Friday, July 1, 2011

Hey! Did Anyone Ever Tell You That You Look Exactly Like Someone Who Owes Me a Lot of Money?

When I was younger, I used to get mistaken for all sorts of people: Euclid, King Canute (both before and after the Danish conquest), Johnny Appleseed. As the years passed, these cases of mistaken identity grew slim, and the autograph requests and DNA samplings dropped off to a trickle. Just when it seemed that blending in anonymously with the great mass of humanity was in the offing, along comes the amorphous digital fingerprint.  Not only is it amorphous, it's also a fingerprint.

The thing of it is -- faking your own demise and starting afresh with a manufactured identity in, say, Australia,  is no longer the child's play it once was.  This is especially so for famous Australians.  The traces are everywhere.
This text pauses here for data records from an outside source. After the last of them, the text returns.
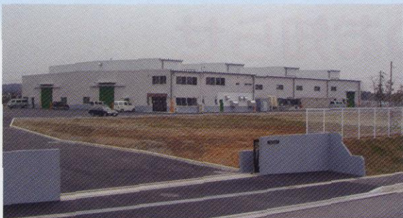
滋賀水口第二工場
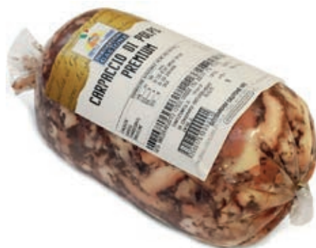
GAD210 SALAME DI POLPO
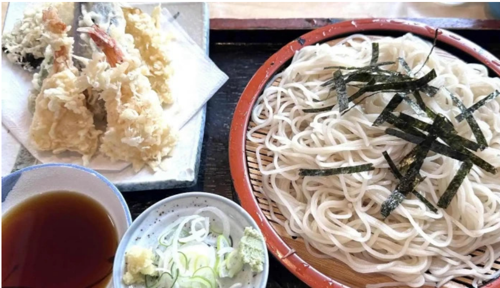
そば処 ふじた家 comentario 4
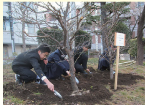
70周年記念植樹の様子

また、本校の生徒たちは、「さわやかな挨拶」や「ボランティア活動」への積極的な参加など、日々、社会性を身に付けていますが、これらの活動は、保護者や地域の皆様のご協力に支えられています。第七中学校は、学校、家庭、地域が一体となって生徒たちを育てるという体制が、しっかりと根付いている学校です。
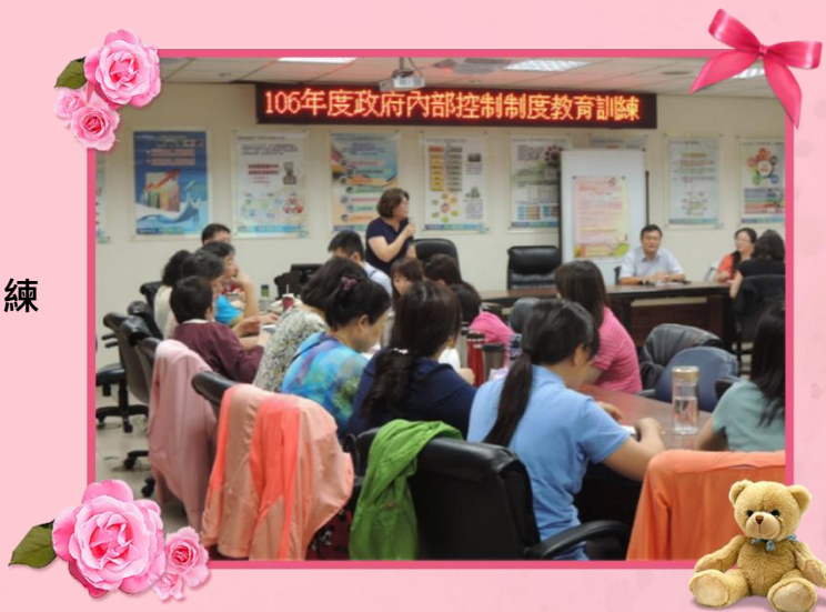
1060610 內部控制教育訓練

Where's the sin in insurance fraud, anyway? Aren't they, of all people, insured?  Or is it like a case of the cobbler's children going about unshod and without cobs? "Well I'll be!  We're the world's largest insurer, and yet, we forgot to insure ourselves! Ho Ho! What a snafu!  Heads will surely roll over this!" 

Life was better when people were smart and machines were the morons, instead of vice versa. Now  gadgets are practically sentient beings for whom the concept of secrecy is as alien as is the thought that schmaltz herring is appealing to a six-year old ("Oh pleeeeeeeeeze, Mummy! Extra schmaltz!  I'll be good, I promise!").  For instance, attempt to commit a crime with one (a gadget -- not a six-year old) at your peril:

"PROCEED TO THE HIGHLIGHTED ROUTE." 

 "Shhhhhhhhhhhhhhhhhhhhhh! Do you want to get us both killed? I told you to mute, dammit!"

And not only that, you  now run the risk of being prosecuted for smashing your phone against a rock for ratting you out.  At a minimum, it's witness tampering. Easy.

All the good excuses have left the building.  As have the bad excuses. Whatever it is, I'm against it.  But I have to own up to it in any event. They don't believe me when I tell them "the payment's in the mail," for, as more than one of them has haughtily pointed out, "the mail no longer exists."

Nor do they buy it when I say  "You Jane.  I Claudius."

"No you isn't," they say.  "According to your profile, you're King Canute. Which is crazy, because you look just like his cousin, Canute Rockne."

"Yeah, I get that a lot."

 "Well, King, debit or credit?"

See? They've ruined check-kiting for the rest of us.